Dicho contacto resultó ser un funcionario del Ministerio de Industria, Energía y Minería (MIEM), con quien Astesiano coordinaba acciones a múltiples niveles, en particular con empresarios que querían invertir en Uruguay. El chat entre Ricardo y Astesiano tiene unas 400 páginas y más de 600 archivos adjuntos. La conversación empieza el 18 de enero y termina el 29 de setiembre de 2022. A continuación, un primer resumen de los pasajes más significativos de la charla, incluida en la carpeta fiscal con el número 966.

24 de enero de 2022

Ricardo le pide a Astesiano algún contacto en Buquebus. Se lo quiere facilitar a “un amigo” vinculado al frigorífico Sarubbi que necesita “pasar un repuesto” desde Buenos Aires. “Es algo de 60 centímetros y 20 kilos, no es mucho. El loco necesita traerlo y le dije que te conocía. Decime si se puede hacer algo ahí”, explica.

-Negro, tengo al jefe de la Aduana de Colonia. Ahora cuando llegue a la Torre lo llamo. ¿Cuándo lo quiere traer? Avisame.

-Te averiguo cuándo sería. Le digo que lo pase por Colonia entonces.

-¿Tenés una foto de cuánto mide la piecita? ¿60 por cuánto?

-50x60x70.

-Bien, consulto. Esto viene sin impuestos, sin nada. Hay que pasarla nomás. ¿Así es?

Para contestar, Ricardo reenvía un audio del solicitante. El empresario dice que no tiene problema en pagar impuestos y explica que compró el repuesto en Argentina porque el representante en Uruguay demoraba cinco meses en traerlo. “Llamé para Argentina, porque lo necesito a muerte, y allá había, entonces lo compré allá. Pero no es fácil traerlo de Argentina para acá”, explica.

26 de enero

Ricardo le dice a Astesiano que tiene una propuesta para llevarle al gobierno, algo para “captarle inversores” a las intendencias.

-¿Querés que haga un planteo, Negro? ¿Ya hablaste con alguien o todavía nada?

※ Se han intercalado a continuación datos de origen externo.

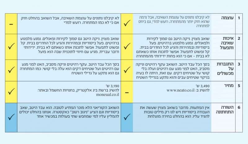 השורה התחתונה: השואב הקוריאני הפתיע לטובה. הוא שאב ביסודיות וגם הציע "ניגוב רטוב", ואנחנו בהחלט יכולים להמליץ עליו לכל מי שמחפש שתי פעולות במכשיר אחד. בנוגע לניטו - מדובר בשואב מצוין שעשה את העבודה ביסודיות. כל בחירה כאן היא בחירה מוצלחת.
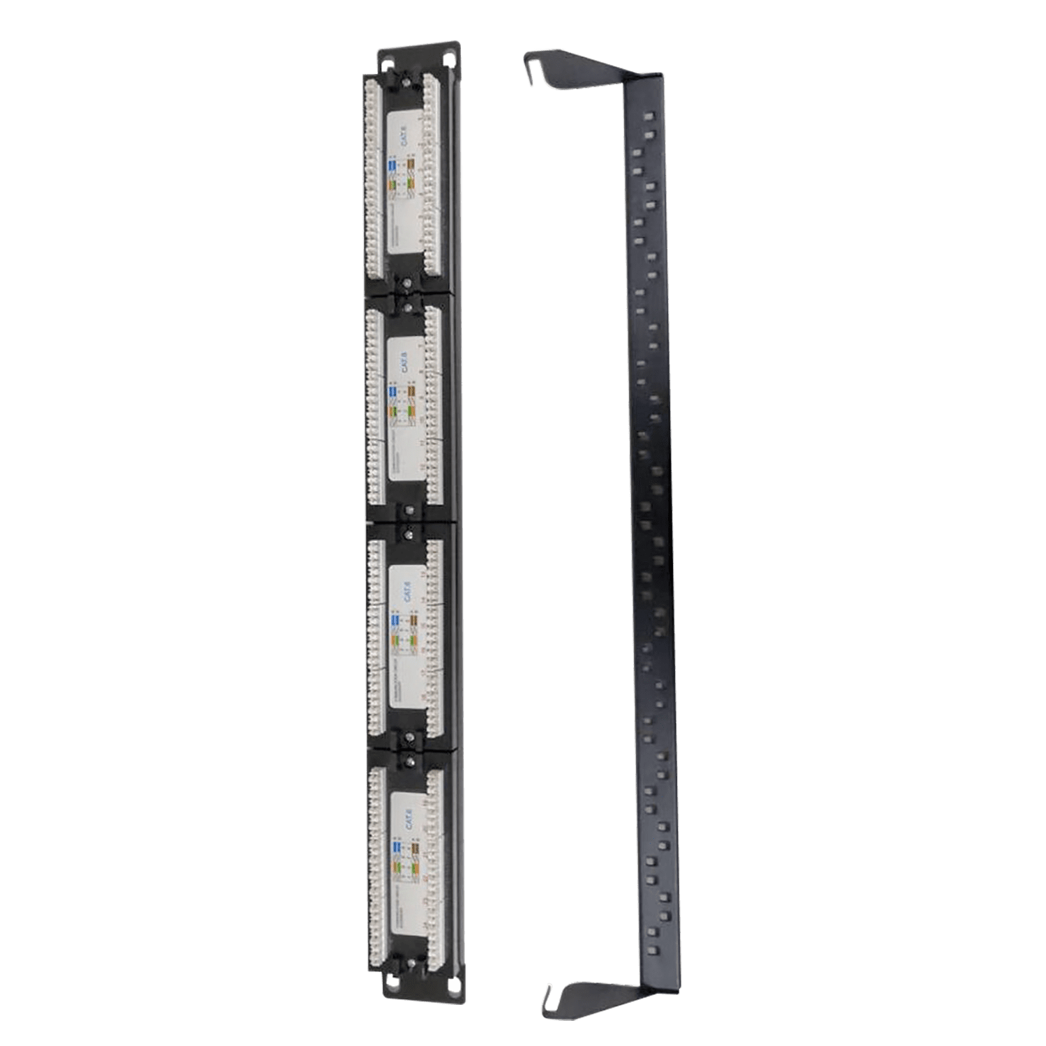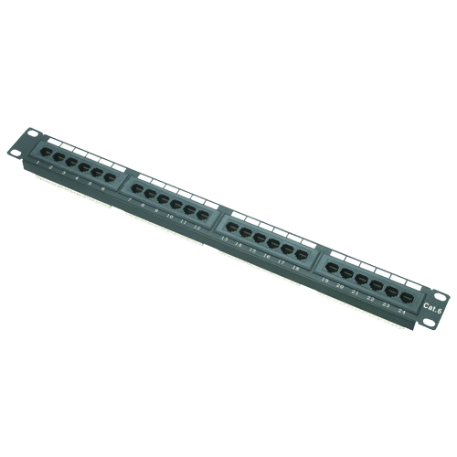 Patch panel de 24 portas UTP/RJ45 – Formato rack – Admite cabos até CAT6 – Tamanho 1U para facilitar a instalação – Dual IDC: 110 IDC e Krone IDC – Conexão rápida e simples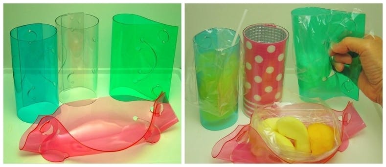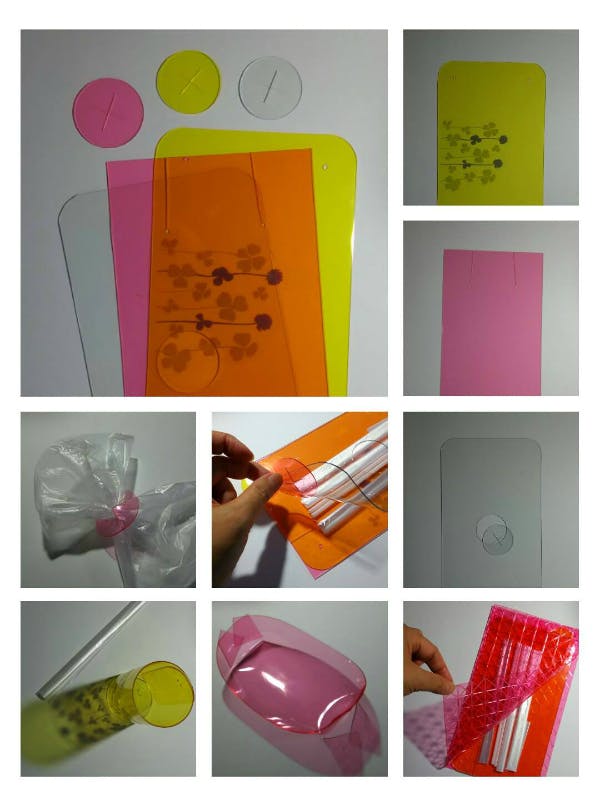どこでも入手でき、安くて安全な食品保存用ポリ袋と、汎用樹脂の中では少し高価で、素材としては入手しにくい美しいカラーのPVCシート。それぞれの足りないところを補った絶妙なコラボです。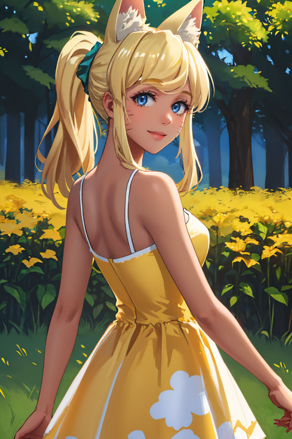 Trigger + Appearance: pokanliru, dark skin, whisker markings, ponytail, wolf tail

-Esto tiene que venir de ahí, de Luis [Lacalle Pou]. Para tener libertad, para trabajar. Tengo inversores para Uruguay. El tema es el tiempo acá.

-Ok, lo planteo.

31 de enero

Astesiano le comenta a Ricardo que está en Punta del Este, con el presidente.

-Ale, no te olvides de mencionarle el tema mío, para trabajar con las intendencias a través del Ministerio de Industria. Prefiero trabajar solo y pasarle las cosas al área técnica una vez captado el inversor.

-Ya hablé el otro día, después te cuento. Lo hablamos personalmente.

4 de febrero

Ricardo saluda a Astesiano y le dice que ya sabe “que quieren comprar Casa de Galicia”.

-Sí, quieren, pero hay lío. Sindicato trancando.

-Está difícil, Ale. Hasta Aldo y José Luis D. están a full queriendo comprar. Qué jugadores.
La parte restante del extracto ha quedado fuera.